Could the listing below be reproduced exactly, minus its pictures?

** Opening Data below block **

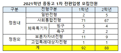 [베리타스알파=김하연 기자] 중동고는 2021학년 1차 전편입생 모집을 진행한다고 최근 밝혔다. 올해 모집인원은 1학년 92명 2학년 88명 모두 180명이다. 정원내 기준 일반전형 1학년2명 2학년5명, 사회통합전형 1학년71명 2학년67명이고 체육특기자전형의 경우 빙구 1학년5명 2학년4명 축구 1학년2명 2학년2명이다. 정원외 모집은 보훈자자녀(국가유공자) 1학년11명 2학년9명 고입특례대상자 1학년1명 2학년1명이다.
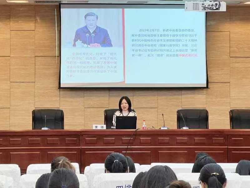 3月10日,外国语学院联合人文与社会科学学院、艺术学院在外院国际会议中心开展 “青马工程”第三讲——《以中国式现代化全面推进中华民族伟大复兴》,来自马克思主义学院的青年优秀教师黄璐为三个学院“青马工程”培训班的学员们带来了一堂精彩的授课。
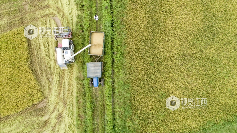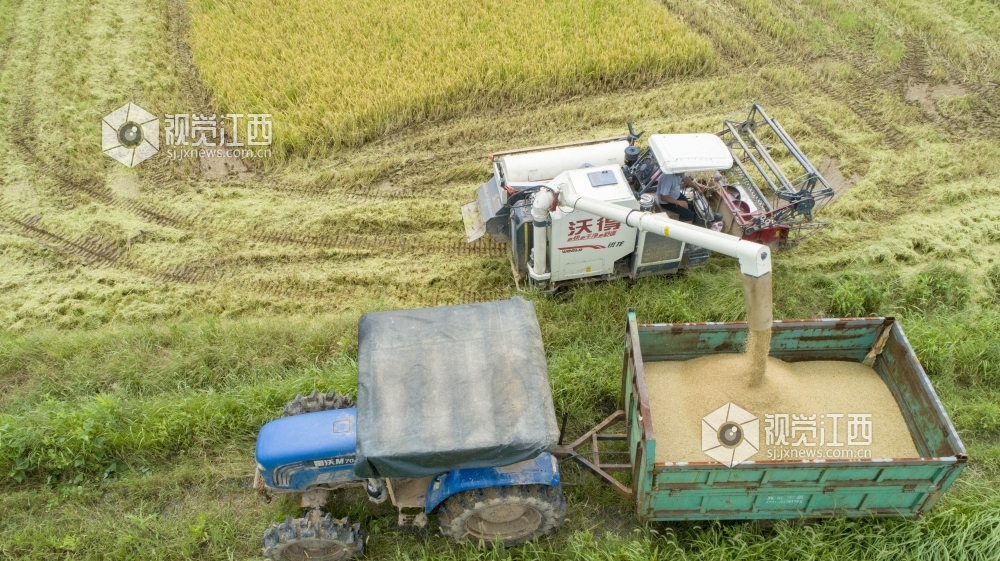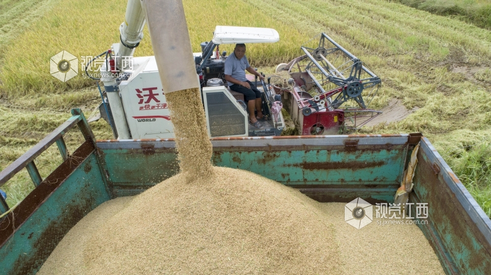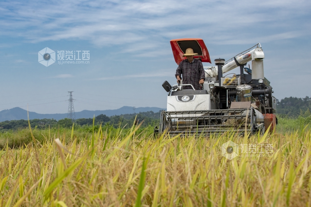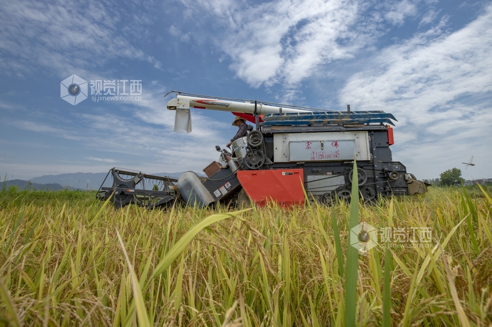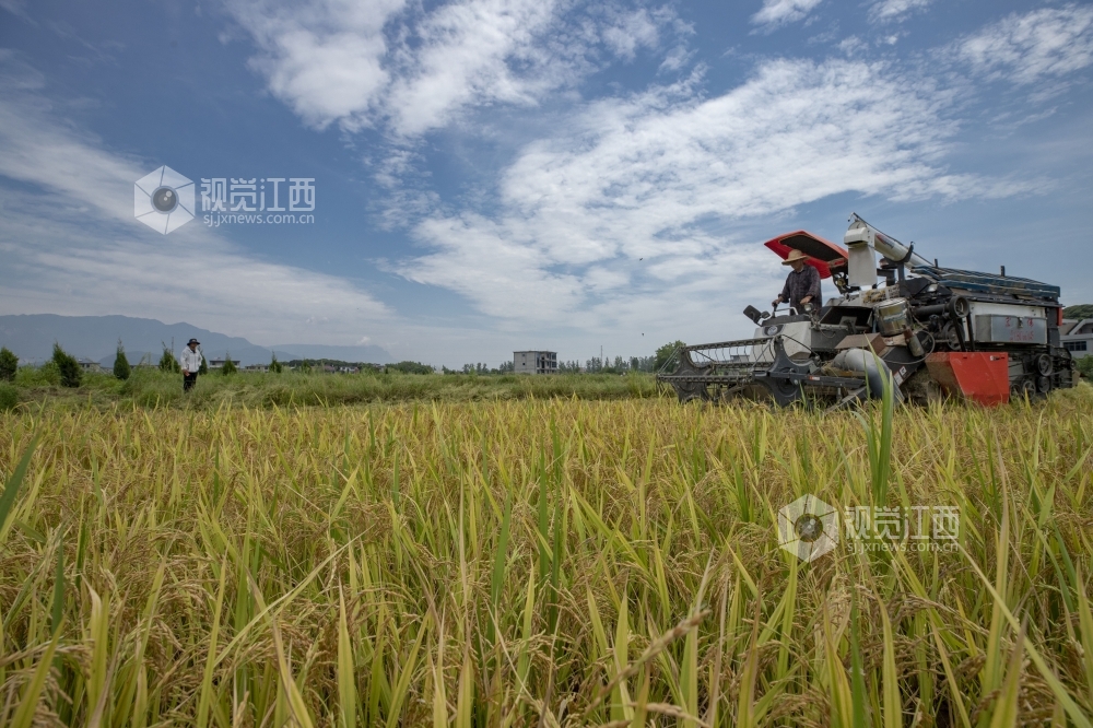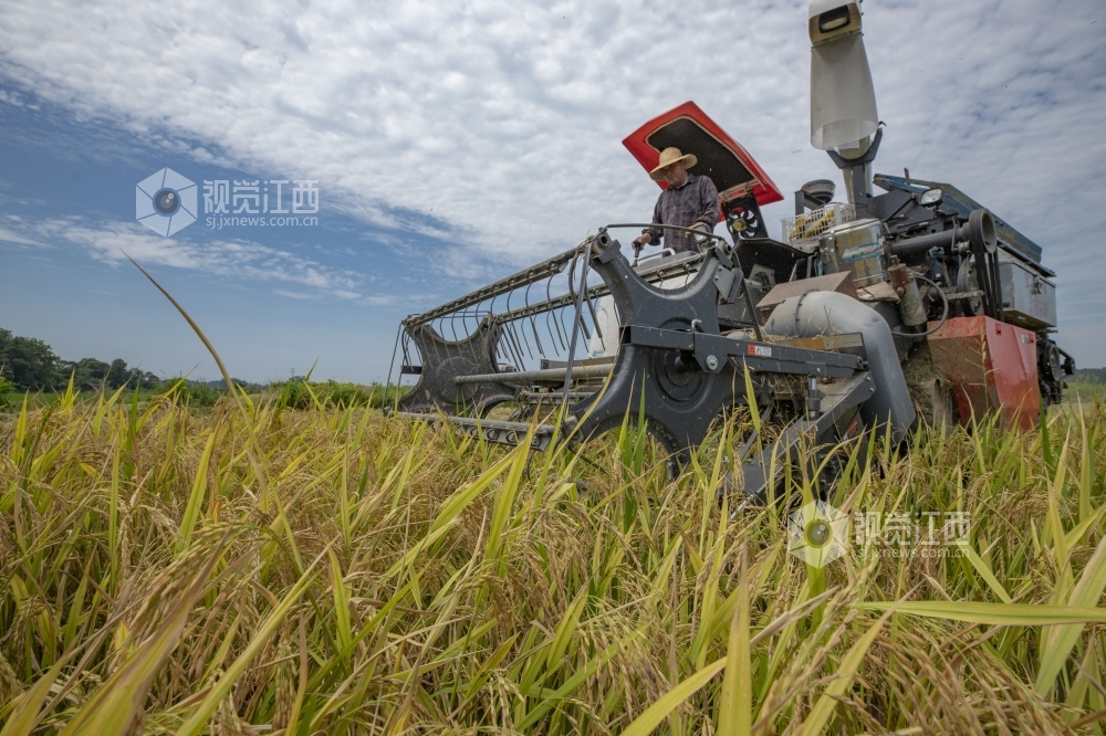 7月23日,江西庐山市星子镇,招星粮食种植农民专业合作社社员驾驶收割机抢收早稻。受鄱阳湖持续高水位和连续降雨影响,庐山市早稻受灾严重。当地农业部门迅速组织专业合作社、农机大户开展自产自救,及时排涝,抢收早稻,确保将洪涝灾害对粮食生产的不利影响降到最低。

** Closing Data below block **

Finished exercise
 [베리타스알파=김하연 기자] 중동고는 2021학년 1차 전편입생 모집을 진행한다고 최근 밝혔다. 올해 모집인원은 1학년 92명 2학년 88명 모두 180명이다. 정원내 기준 일반전형 1학년2명 2학년5명, 사회통합전형 1학년71명 2학년67명이고 체육특기자전형의 경우 빙구 1학년5명 2학년4명 축구 1학년2명 2학년2명이다. 정원외 모집은 보훈자자녀(국가유공자) 1학년11명 2학년9명 고입특례대상자 1학년1명 2학년1명이다.
 3月10日,外国语学院联合人文与社会科学学院、艺术学院在外院国际会议中心开展 “青马工程”第三讲——《以中国式现代化全面推进中华民族伟大复兴》,来自马克思主义学院的青年优秀教师黄璐为三个学院“青马工程”培训班的学员们带来了一堂精彩的授课。
 7月23日,江西庐山市星子镇,招星粮食种植农民专业合作社社员驾驶收割机抢收早稻。受鄱阳湖持续高水位和连续降雨影响,庐山市早稻受灾严重。当地农业部门迅速组织专业合作社、农机大户开展自产自救,及时排涝,抢收早稻,确保将洪涝灾害对粮食生产的不利影响降到最低。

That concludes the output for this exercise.